** SUPPLIED RECORDS follows **

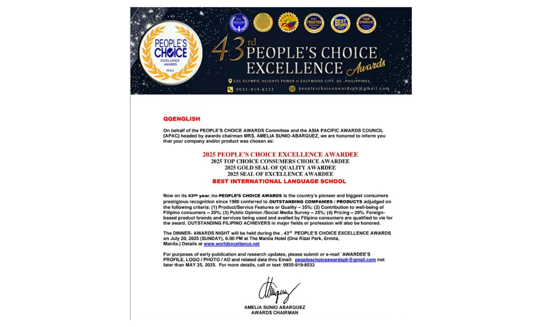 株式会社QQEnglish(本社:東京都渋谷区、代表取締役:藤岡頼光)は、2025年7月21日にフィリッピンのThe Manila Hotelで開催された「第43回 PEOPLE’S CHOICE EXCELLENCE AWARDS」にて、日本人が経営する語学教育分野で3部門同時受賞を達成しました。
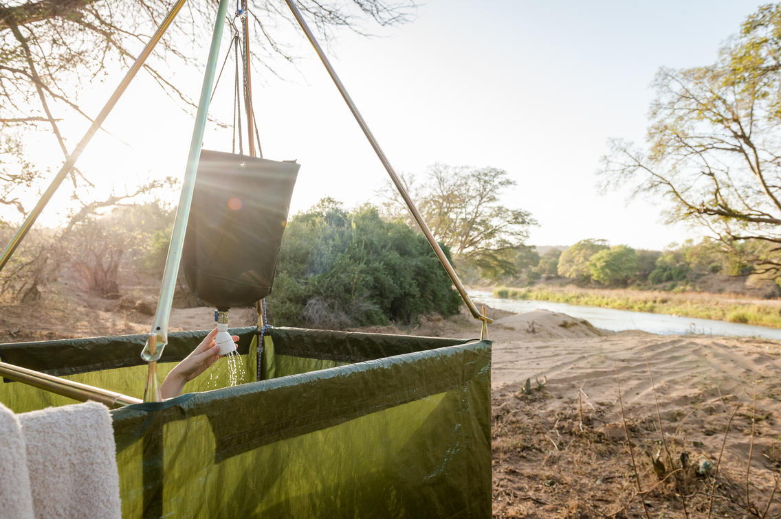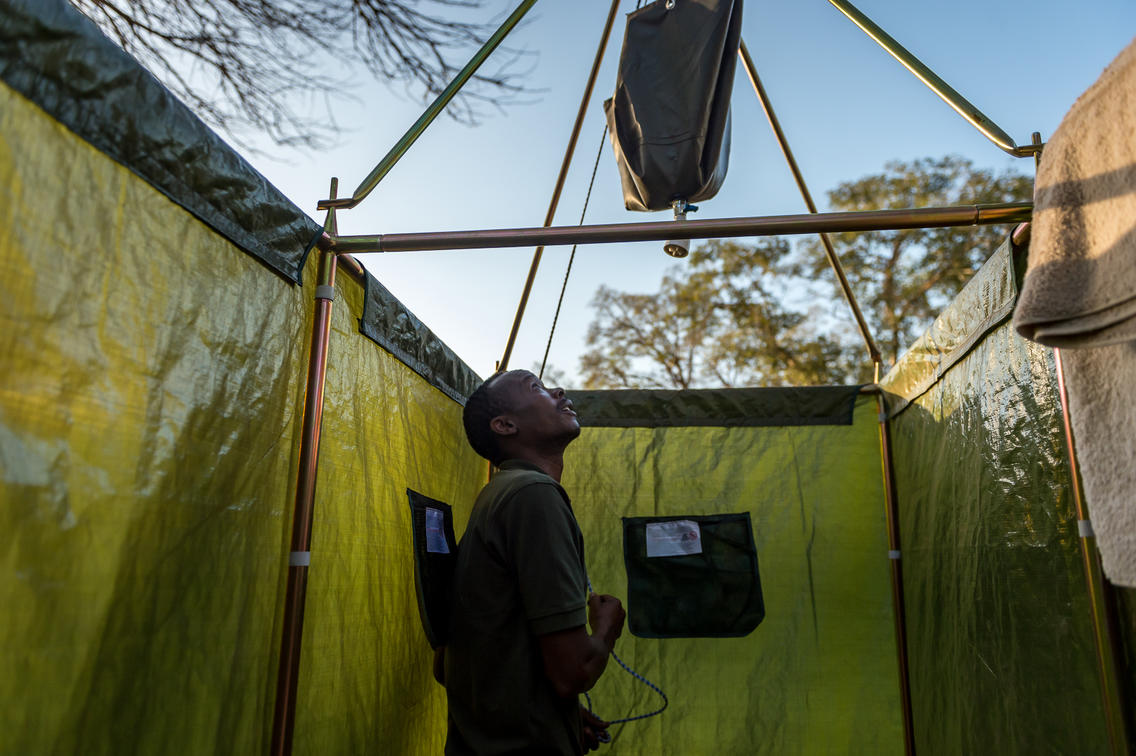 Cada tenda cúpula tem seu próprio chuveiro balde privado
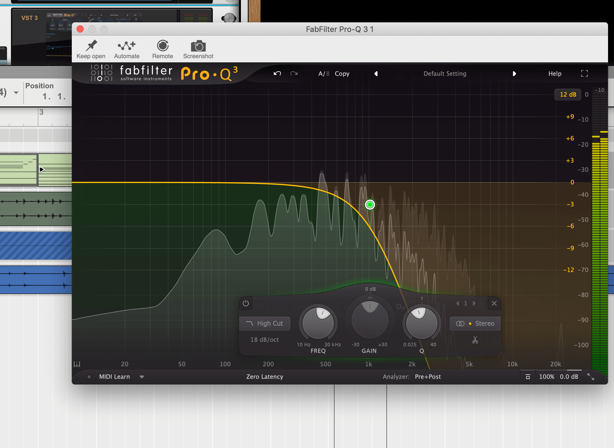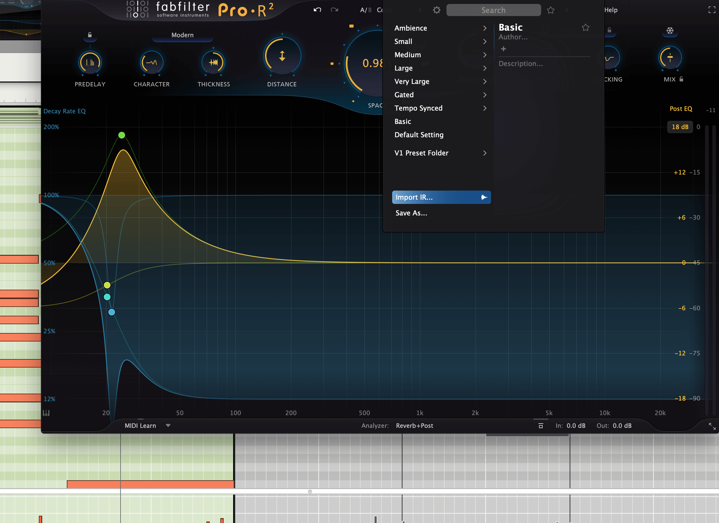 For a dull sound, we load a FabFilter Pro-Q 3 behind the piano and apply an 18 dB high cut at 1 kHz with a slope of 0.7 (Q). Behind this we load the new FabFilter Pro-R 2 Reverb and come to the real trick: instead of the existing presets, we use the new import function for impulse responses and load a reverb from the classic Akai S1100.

** End of SUPPLIED RECORDS **
** SUPPLIED RECORDS follows **

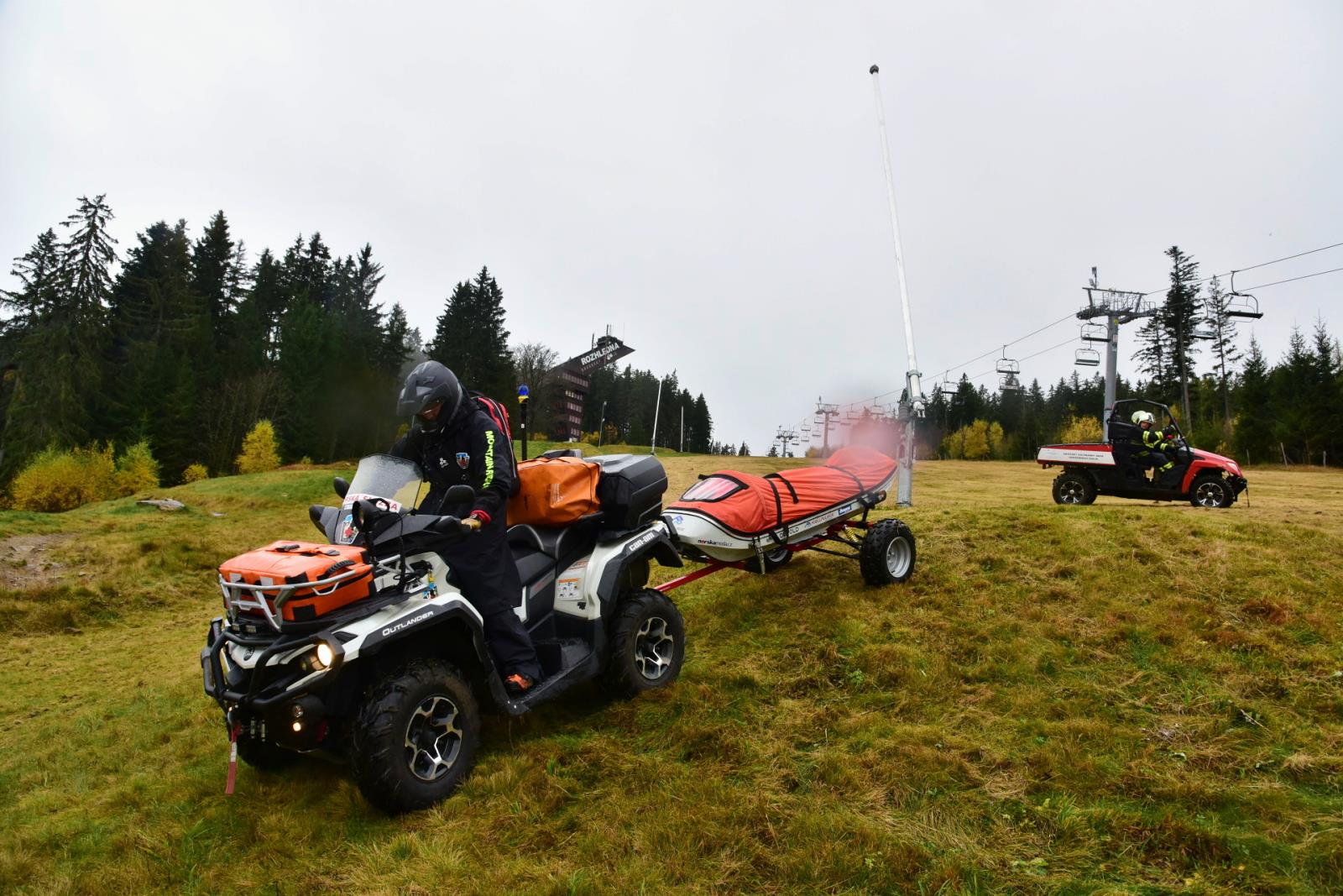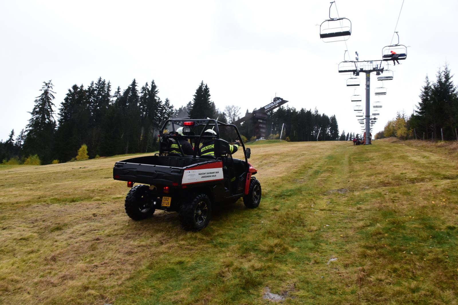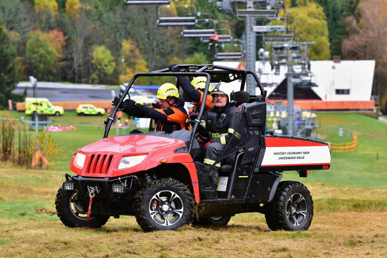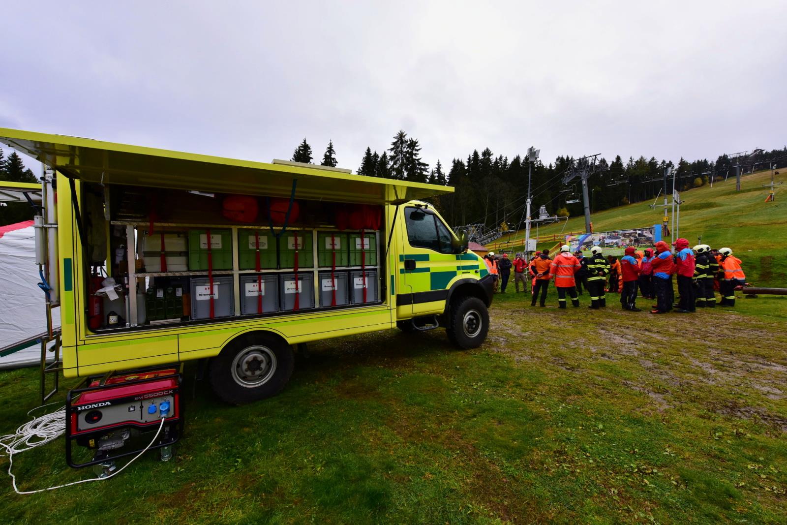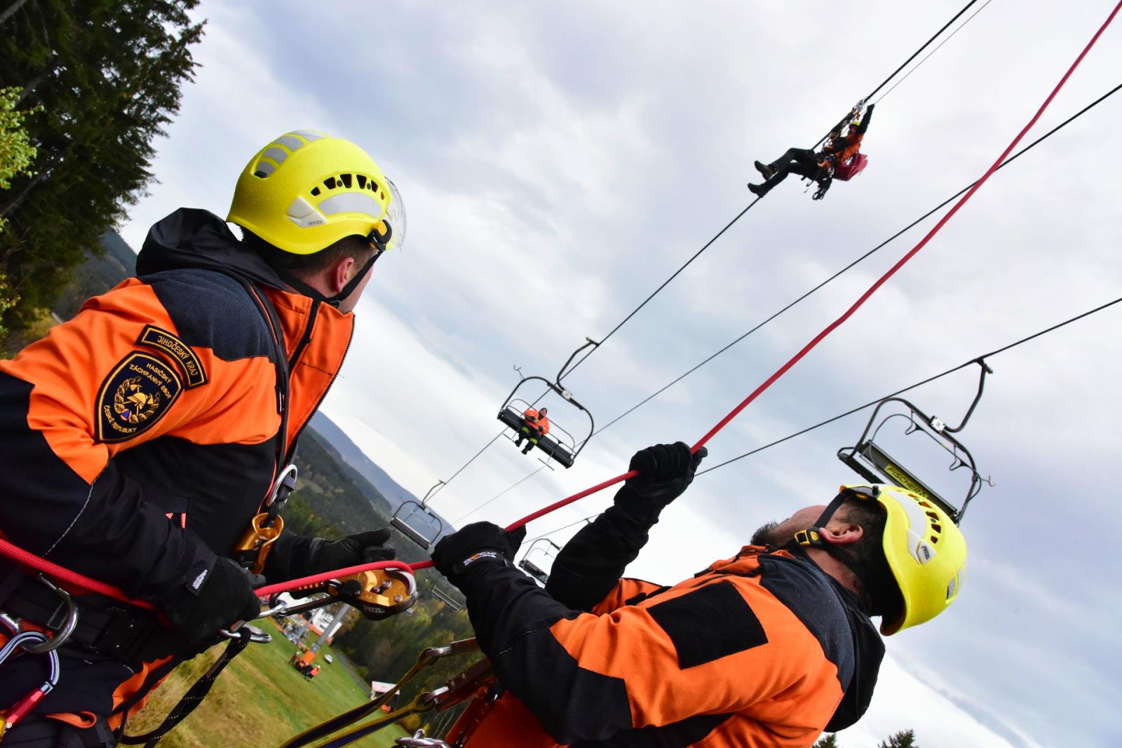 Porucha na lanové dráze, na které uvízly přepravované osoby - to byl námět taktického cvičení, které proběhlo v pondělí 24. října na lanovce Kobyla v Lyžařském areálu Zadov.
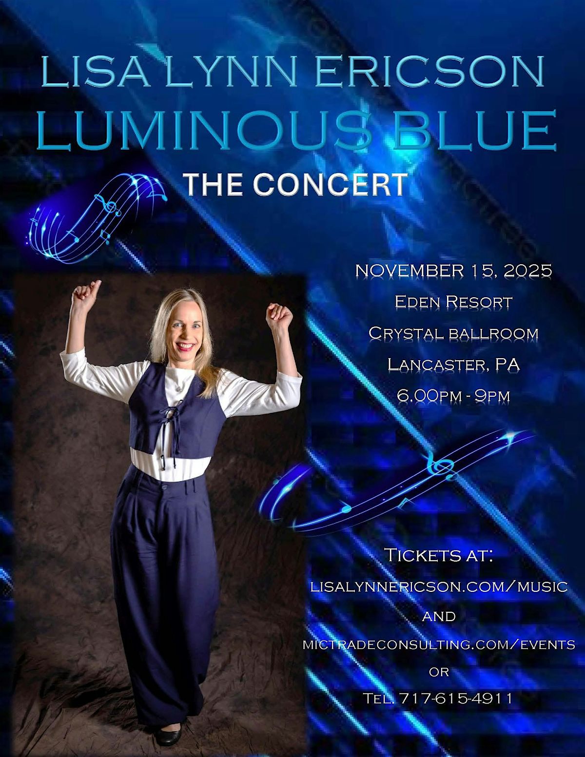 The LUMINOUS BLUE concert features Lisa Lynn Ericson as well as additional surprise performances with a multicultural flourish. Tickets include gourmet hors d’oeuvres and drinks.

** End of SUPPLIED RECORDS **

* **DIRECTIONS**
Would you copy, word for word, only the lines above from the one containing "Cada tenda cúpula" through the one containing "For a dull sound, we", both included, and please leave out the pictures?

* **SOLUTION TO THIS TASK**
 Cada tenda cúpula tem seu próprio chuveiro balde privado
 For a dull sound, we load a FabFilter Pro-Q 3 behind the piano and apply an 18 dB high cut at 1 kHz with a slope of 0.7 (Q). Behind this we load the new FabFilter Pro-R 2 Reverb and come to the real trick: instead of the existing presets, we use the new import function for impulse responses and load a reverb from the classic Akai S1100.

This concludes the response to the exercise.